Extracted data entries

+++

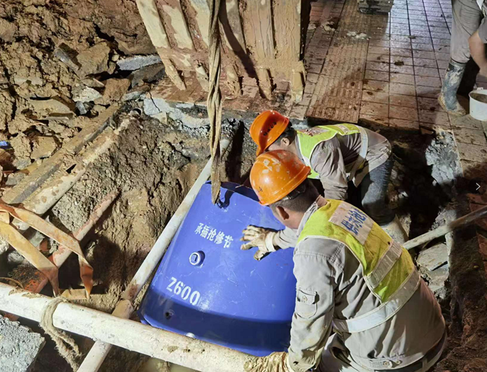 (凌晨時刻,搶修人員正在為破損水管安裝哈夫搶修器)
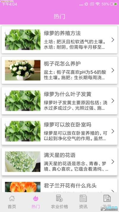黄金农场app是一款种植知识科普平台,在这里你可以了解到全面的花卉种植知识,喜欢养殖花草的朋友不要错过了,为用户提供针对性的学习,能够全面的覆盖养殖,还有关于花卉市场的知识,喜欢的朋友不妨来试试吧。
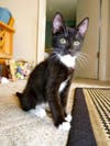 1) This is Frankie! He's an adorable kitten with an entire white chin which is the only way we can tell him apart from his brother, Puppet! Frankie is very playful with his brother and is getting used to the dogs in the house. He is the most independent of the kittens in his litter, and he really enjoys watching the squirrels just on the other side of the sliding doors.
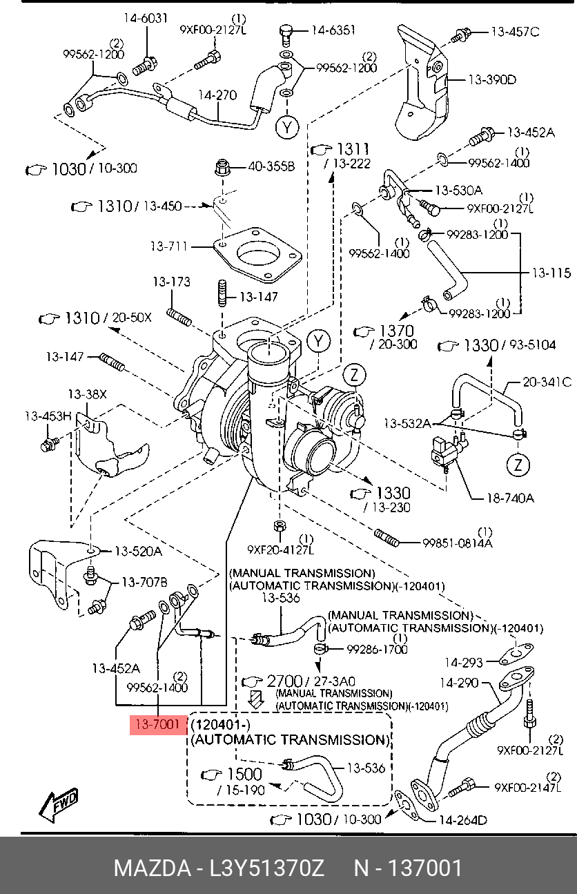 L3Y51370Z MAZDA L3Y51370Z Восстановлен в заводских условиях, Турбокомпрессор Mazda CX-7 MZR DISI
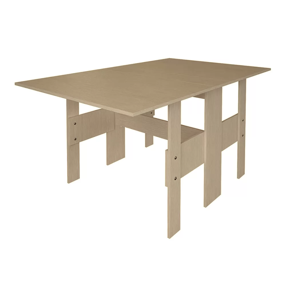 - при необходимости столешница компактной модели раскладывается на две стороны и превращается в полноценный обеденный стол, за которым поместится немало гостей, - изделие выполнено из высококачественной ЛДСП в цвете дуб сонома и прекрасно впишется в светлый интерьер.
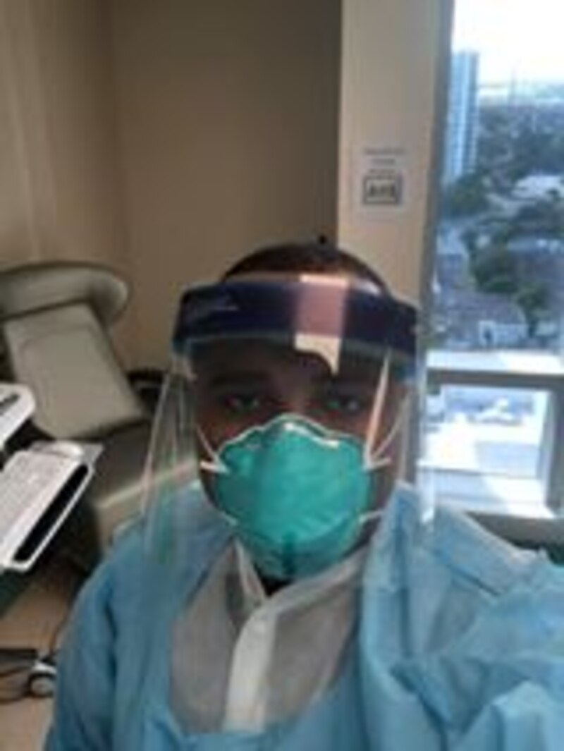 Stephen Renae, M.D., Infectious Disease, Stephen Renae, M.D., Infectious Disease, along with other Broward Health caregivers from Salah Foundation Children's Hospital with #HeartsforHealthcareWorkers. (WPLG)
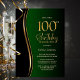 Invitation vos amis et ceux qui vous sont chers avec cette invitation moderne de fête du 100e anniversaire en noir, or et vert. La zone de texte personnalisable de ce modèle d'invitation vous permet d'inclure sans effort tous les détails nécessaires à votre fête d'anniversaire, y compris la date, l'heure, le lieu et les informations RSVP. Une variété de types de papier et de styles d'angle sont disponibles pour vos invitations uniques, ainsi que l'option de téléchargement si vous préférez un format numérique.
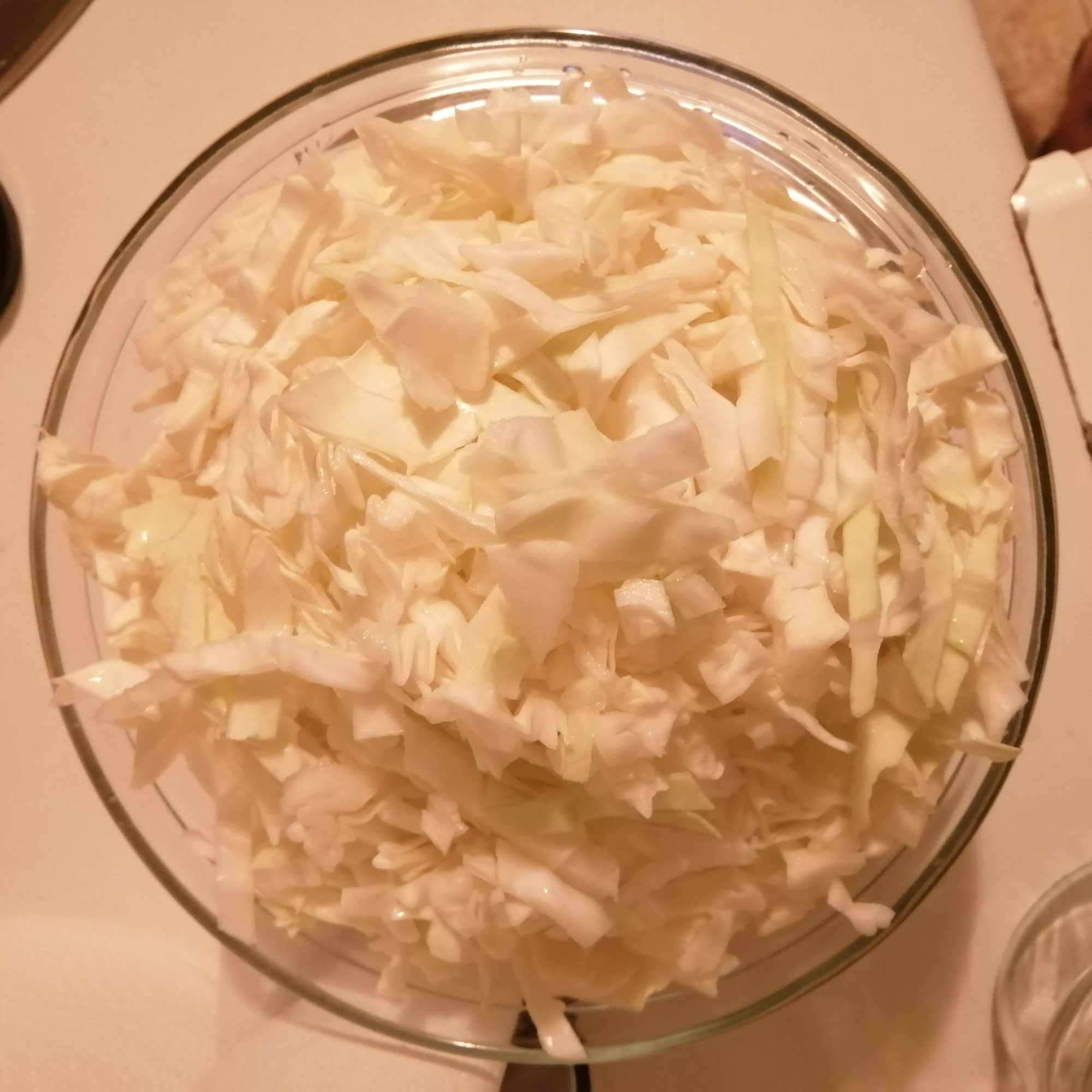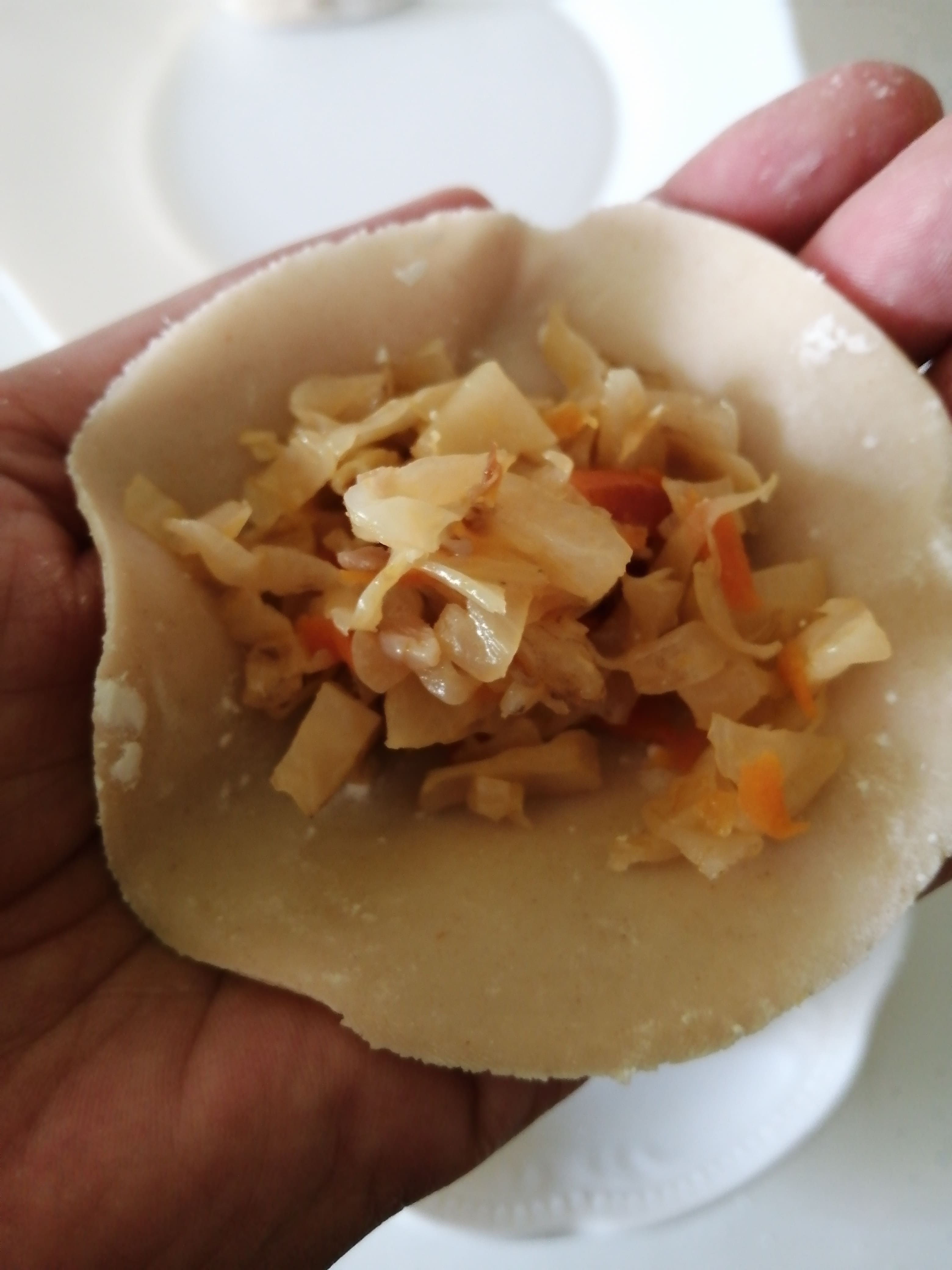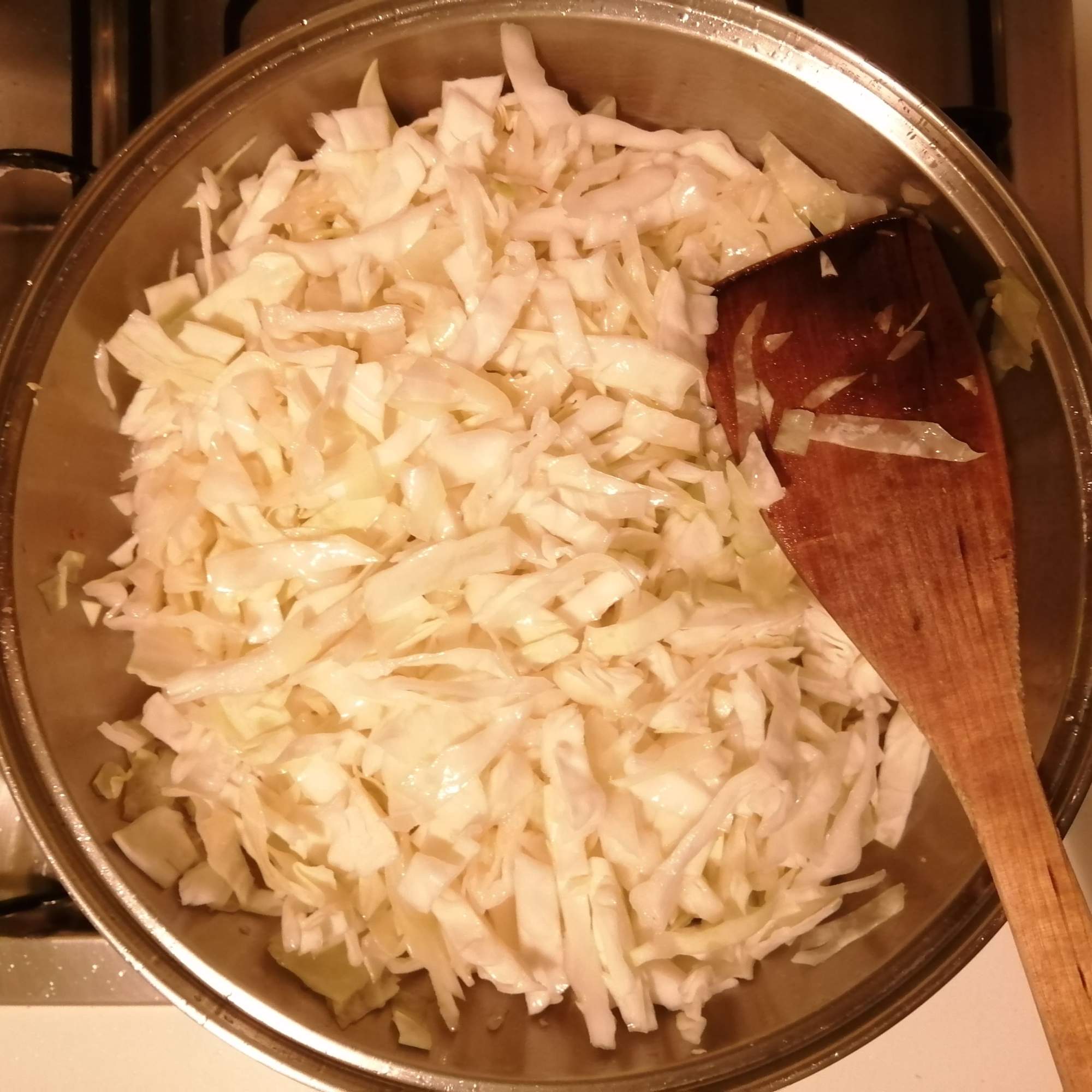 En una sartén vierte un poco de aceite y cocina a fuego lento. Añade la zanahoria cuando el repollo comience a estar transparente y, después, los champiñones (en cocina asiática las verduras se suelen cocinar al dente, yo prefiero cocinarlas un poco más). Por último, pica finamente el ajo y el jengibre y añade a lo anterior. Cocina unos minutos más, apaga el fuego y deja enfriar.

+++

**WHAT TO WORK ON**
Each line from the first line of the data above through the one containing "Stephen Renae, M.D., Infectious Disease, Stephen" must be set down exactly; the pictures must not be.

**FINAL ANSWER**
 (凌晨時刻,搶修人員正在為破損水管安裝哈夫搶修器)
黄金农场app是一款种植知识科普平台,在这里你可以了解到全面的花卉种植知识,喜欢养殖花草的朋友不要错过了,为用户提供针对性的学习,能够全面的覆盖养殖,还有关于花卉市场的知识,喜欢的朋友不妨来试试吧。
 1) This is Frankie! He's an adorable kitten with an entire white chin which is the only way we can tell him apart from his brother, Puppet! Frankie is very playful with his brother and is getting used to the dogs in the house. He is the most independent of the kittens in his litter, and he really enjoys watching the squirrels just on the other side of the sliding doors.
 L3Y51370Z MAZDA L3Y51370Z Восстановлен в заводских условиях, Турбокомпрессор Mazda CX-7 MZR DISI
 - при необходимости столешница компактной модели раскладывается на две стороны и превращается в полноценный обеденный стол, за которым поместится немало гостей, - изделие выполнено из высококачественной ЛДСП в цвете дуб сонома и прекрасно впишется в светлый интерьер.
 Stephen Renae, M.D., Infectious Disease, Stephen Renae, M.D., Infectious Disease, along with other Broward Health caregivers from Salah Foundation Children's Hospital with #HeartsforHealthcareWorkers. (WPLG)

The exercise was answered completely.